I wish to answer (c). I did the previous parts successfully finding that the fixed points are $(0,0)$ (node); $(-1, a-b)$ and $(1,b-a)$ (saddles). Therefore I know that if such $\Gamma$ were to exist it must only contain the origin out of those. Now I need to seek a contradiction with $(b)$. I tried showing that the integrand is never zero, however, I do not think this is true since $x$ can be unbounded. Note that also the ode system is due to the dynamical systemsince \begin{align*} \ddot{x} =\dot{y} + (a-3bx^{2}) \dot{x} \end{align*} by def of $x$.

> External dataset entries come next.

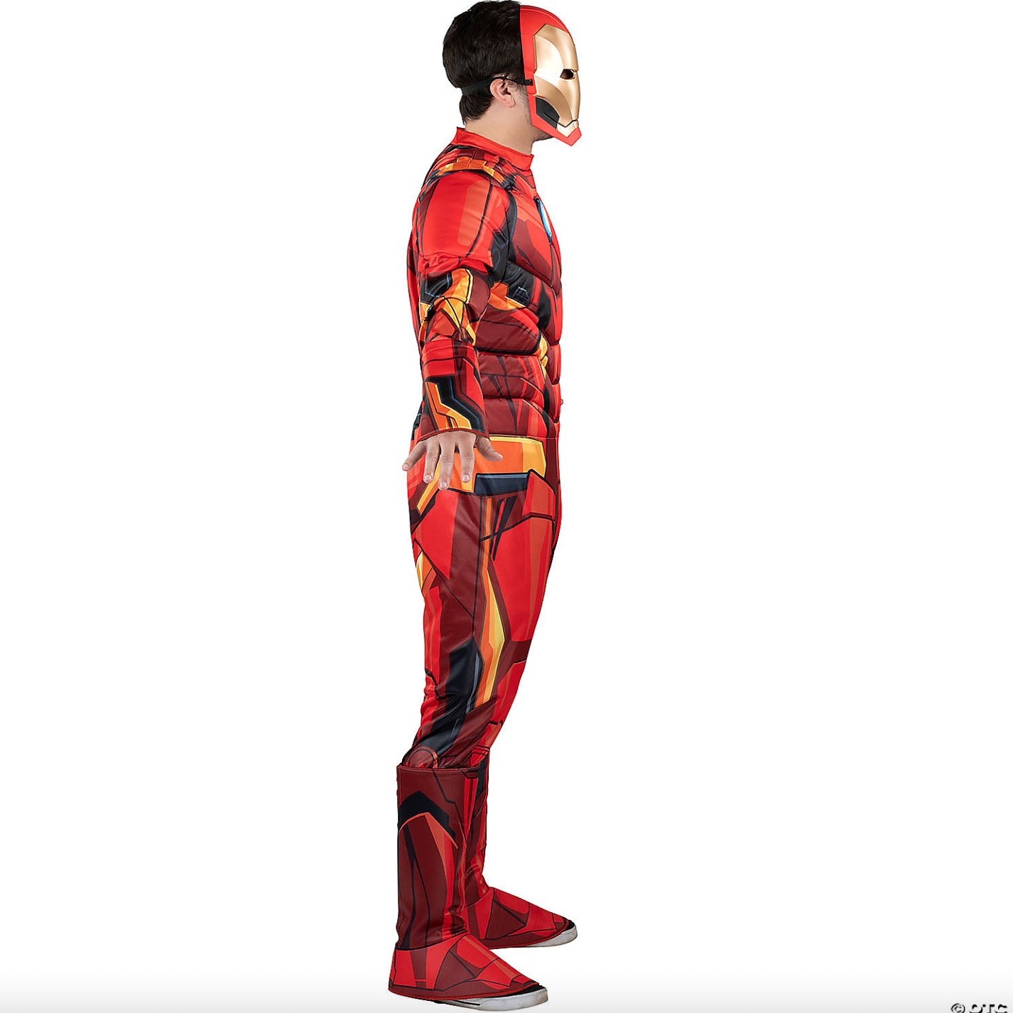 Join the Avengers with the MARVEL Adult Iron Man Costume. Featuring a graphic design of Tony Stark’s iconic armor, this sublimated print jumpsuit includes padding in the chest, arms, and boot tops in addition to a hook and loop fastener. It also includes a 3D plastic mask with metallic paint and an elastic strap. Officially licensed MARVEL product.
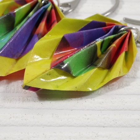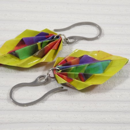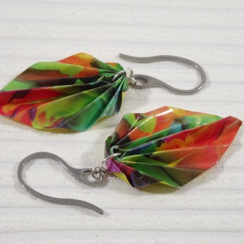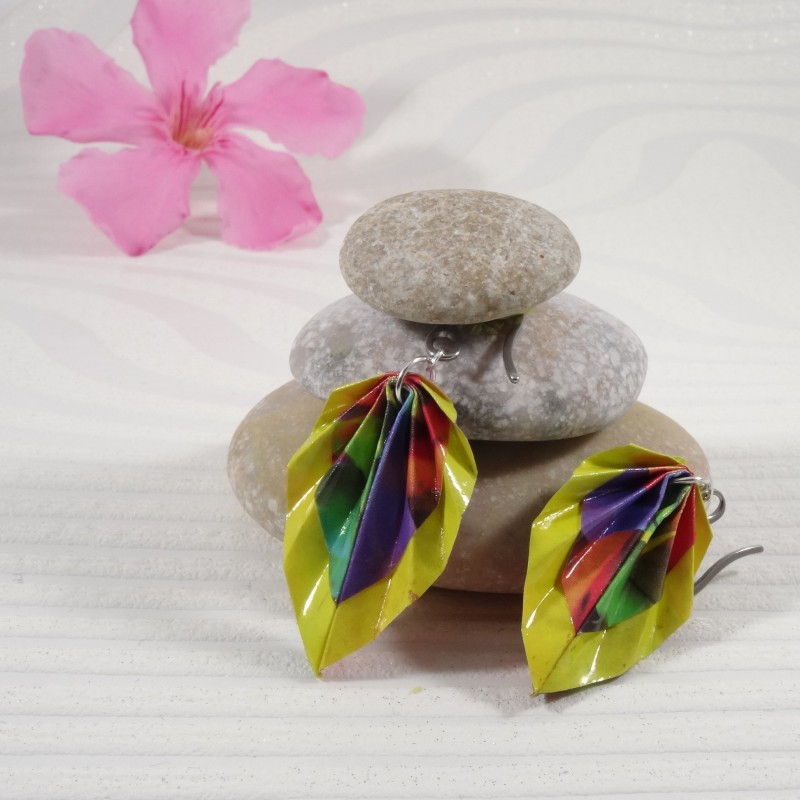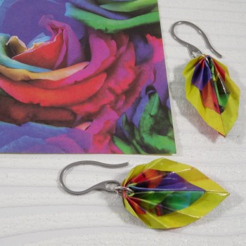 Des boucles Feuilles Origami aux roses multicolores et liseré jaune lumineux : un bijou qui mêle nature japonaise, symbolique florale et joie de vivre.
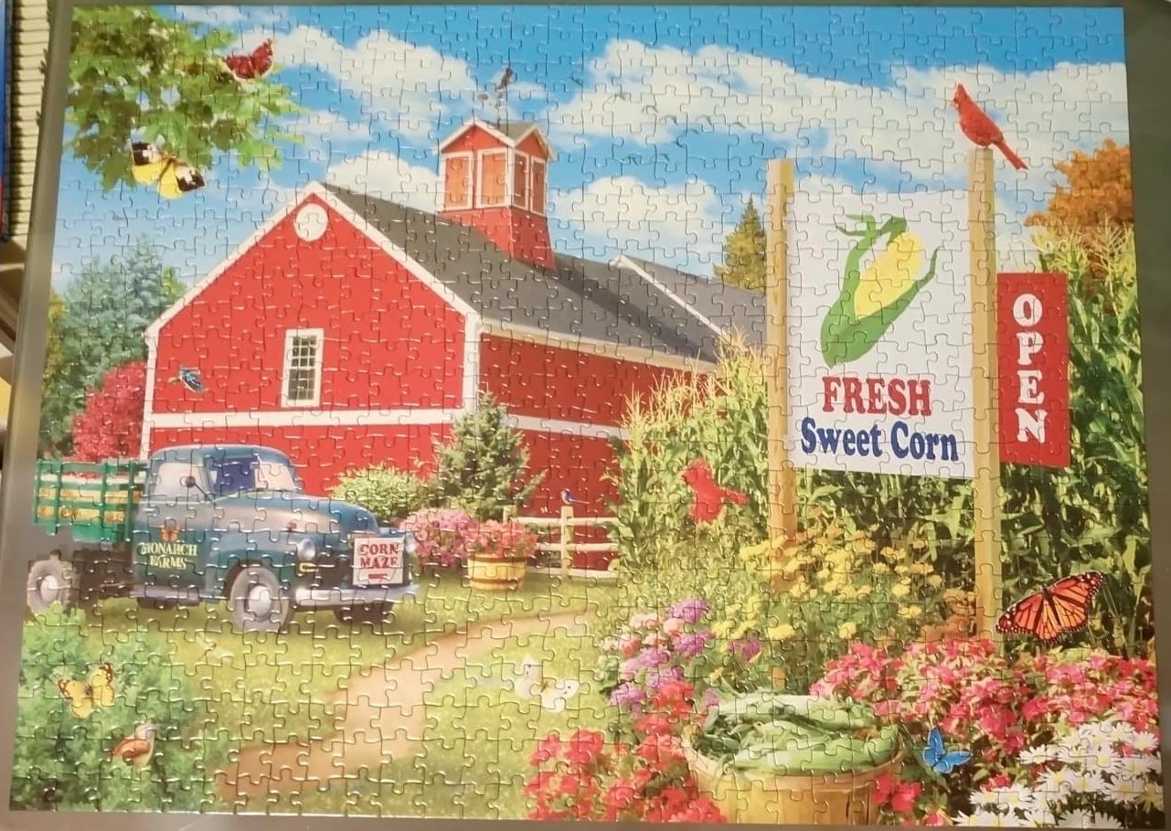 Ето пъзелът, на който наистина му липсва едно крайно, но не се трогвам толкова. Беше много хубав и лесен, направо детски, 750 части, скоро Джо ще го реди.
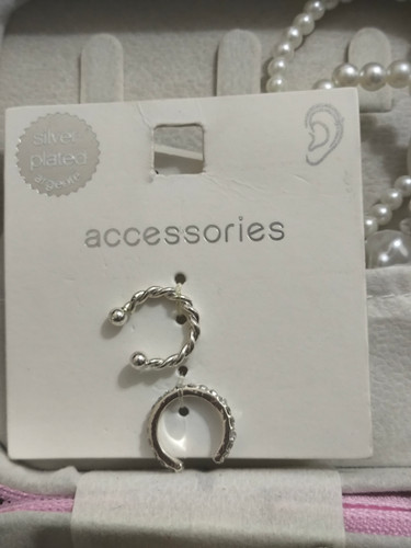 گوشواره استیل طرح هلال مرواریدی روکش نقره
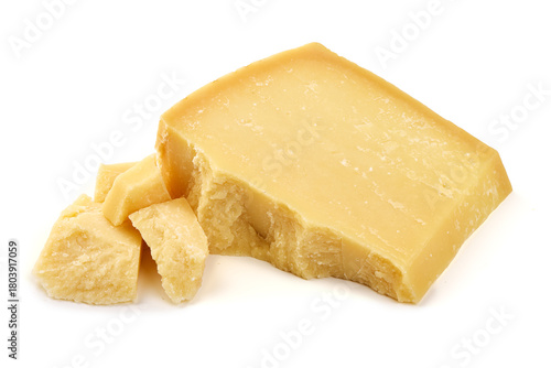 Parmesan Cheese Chunk, isolated on white background
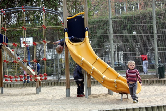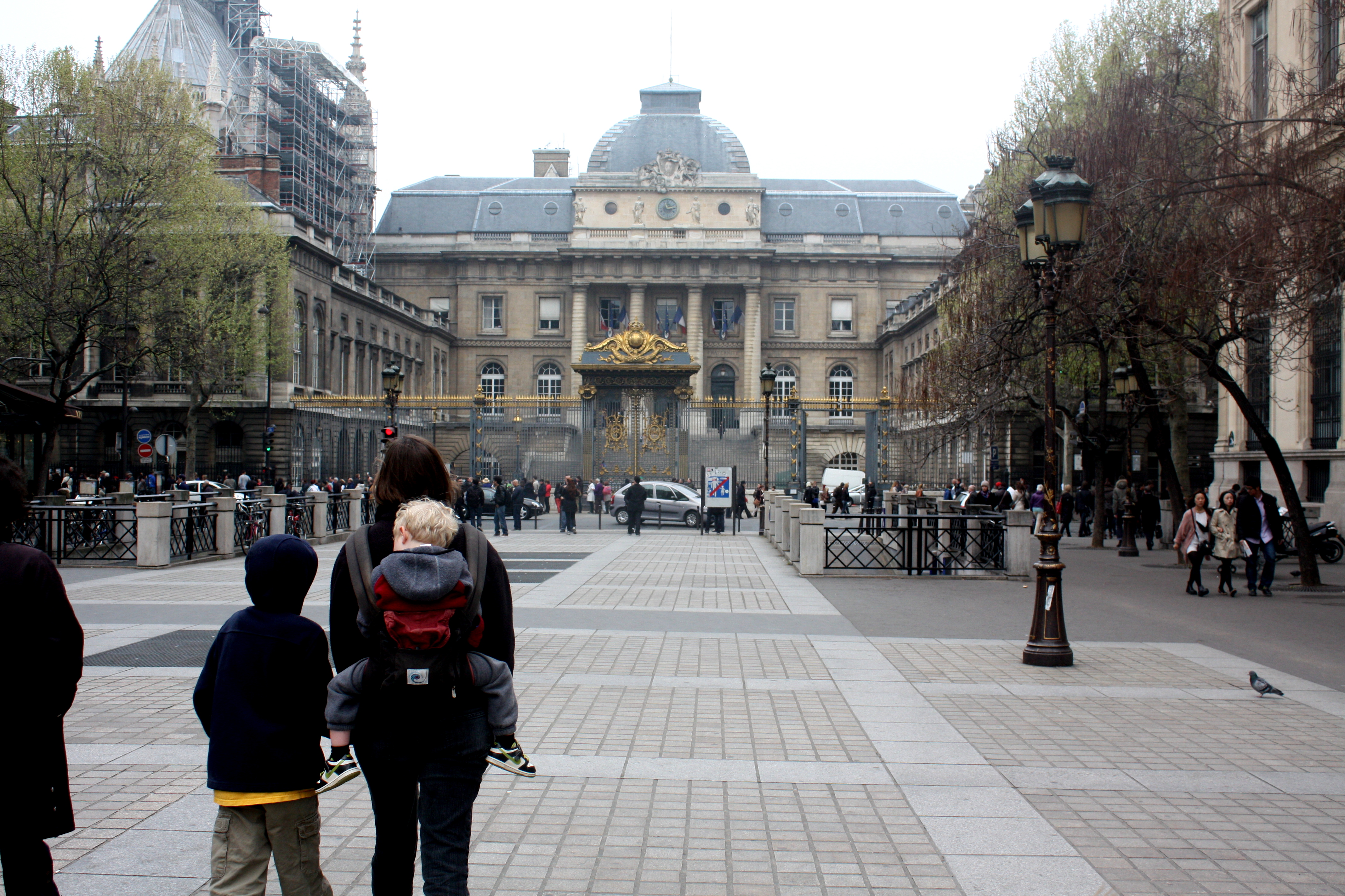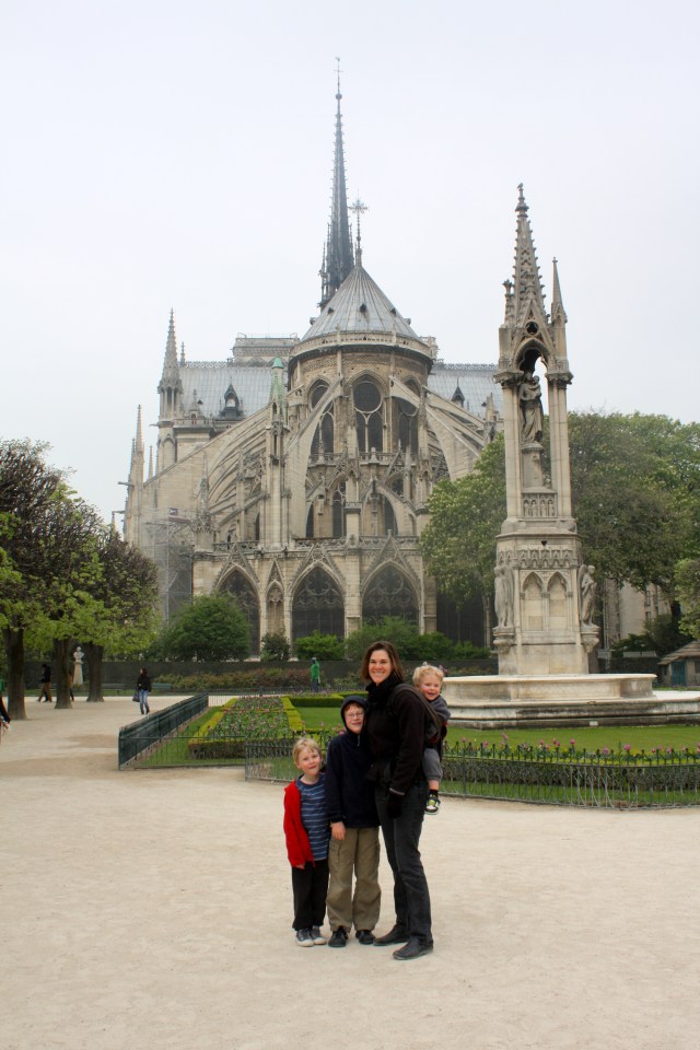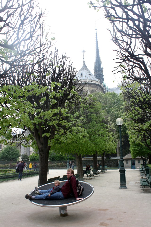 Since we never pass up a playground, we spent a few minutes at the little park in the shadow of Notre Dame.
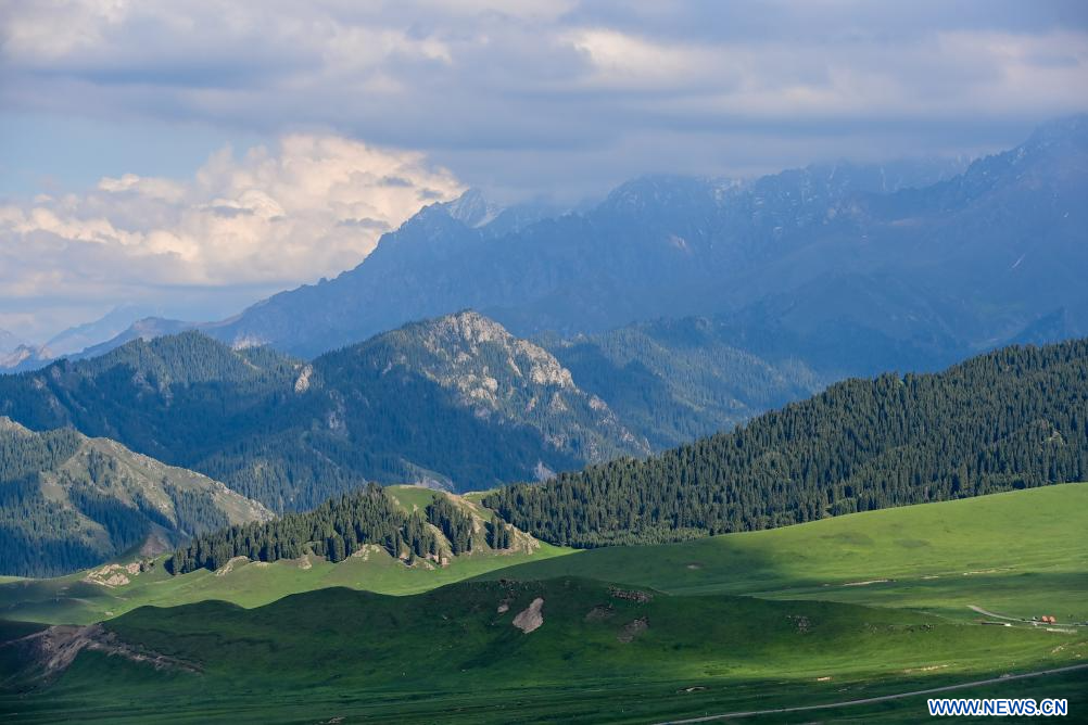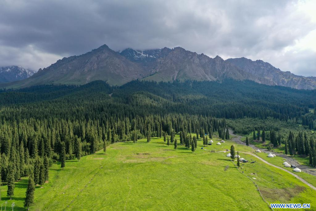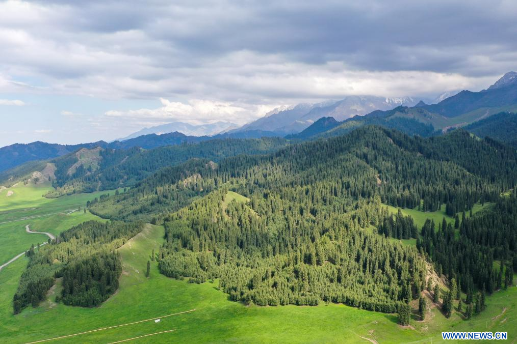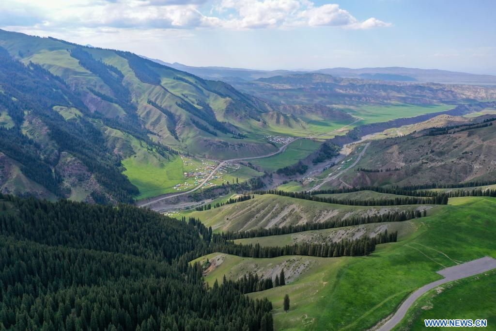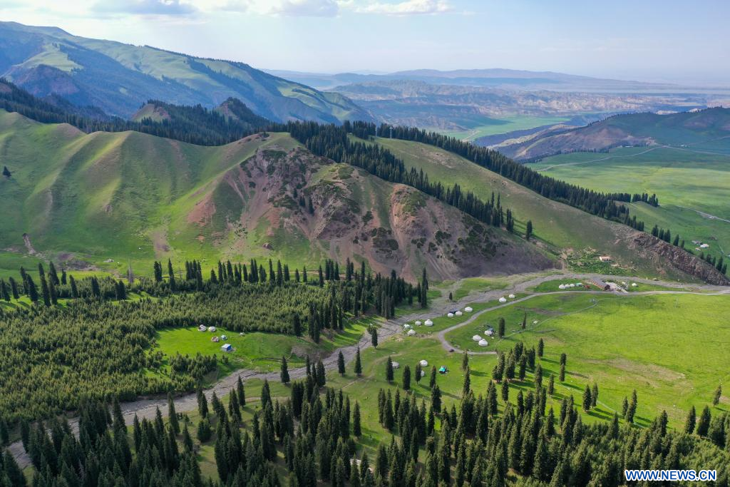 Photo aérienne prise par un drone le 5 juin 2024 montrant le paysage de la zone pittoresque de Lujiaowan dans la ville de Shawan, dans la région autonome ouïgoure du Xinjiang (nord-ouest de la Chine). (Xinhua/Ding Lei)
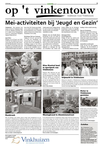 Colofon ‘Op ‘t Vinkentouw’ is een uitgave van de vereniging Wijkoverleg Vinkhuizen. Redactie: Emma Bel,Kopij adres: Postbus 2507, 9704 CM Groningen. E-mail: info@vinkhuizen.nl. Kopij inleveren uiterlijk de donder dag vóór de dinsdag dat de Westerkrant verschijnt.

Question: How do I show there doesn't exist a periodic solution?
Let's assume that $$ \ddot{x}-\left(a-3 b x^2\right) \dot{x}+x-x^3=0 \tag{1} $$ has a (nonconstant) periodic solution. Such a solution oscillates between the points $x_{\min}$ and $x_{\max}$, where its first derivative vanishes. In addition, $\ddot{x}<0$ at $x_{\max}$ --- otherwise, $x_{\max}$ would be a fixed point (if $\ddot{x}=0$ at $x_{\max}$) or $x(t)$ would grow beyond $x_{\max}$ (if $\ddot{x}>0$ at $x_{\max}$). Therefore, according to $(1)$, $$ \ddot{x}|_{x=x_{\max}}=x_{\max}^3-x_{\max}<0 \implies 0<x_{\max}<1. \tag{2} $$ By an analogous argument, $\ddot{x}>0$ at $x_{\min}$, hence $$ \ddot{x}|_{x=x_{\min}}=x_{\min}^3-x_{\min}>0 \implies -1<x_{\min}<0. \tag{3} $$ From $(2)$ and $(3)$ it follows that, if $x(t)$ is a periodic solution to $(1)$, then $|x(t)|<1$. Therefore $$ \oint_{\Gamma}(x-x^3)(ax-bx^3)\,dt =a\oint_{\Gamma}x^2(1-x^2)\left(1-\frac{b}{a}x^2\right)dt\neq 0 \tag{4} $$ if $\frac{b}{a}<1$, since the integrand in the last integral vanishes only at $x=0$ and is positive in $\Gamma\setminus\{0\}$. It then follows from the result (b) that $x(t)$ is not a periodic solution to $(1)$, in contradiction to our initial hypothesis. We conclude, therefore, that $(1)$ does not have a (nonconstant) periodic solution if $\frac{b}{a}<1$.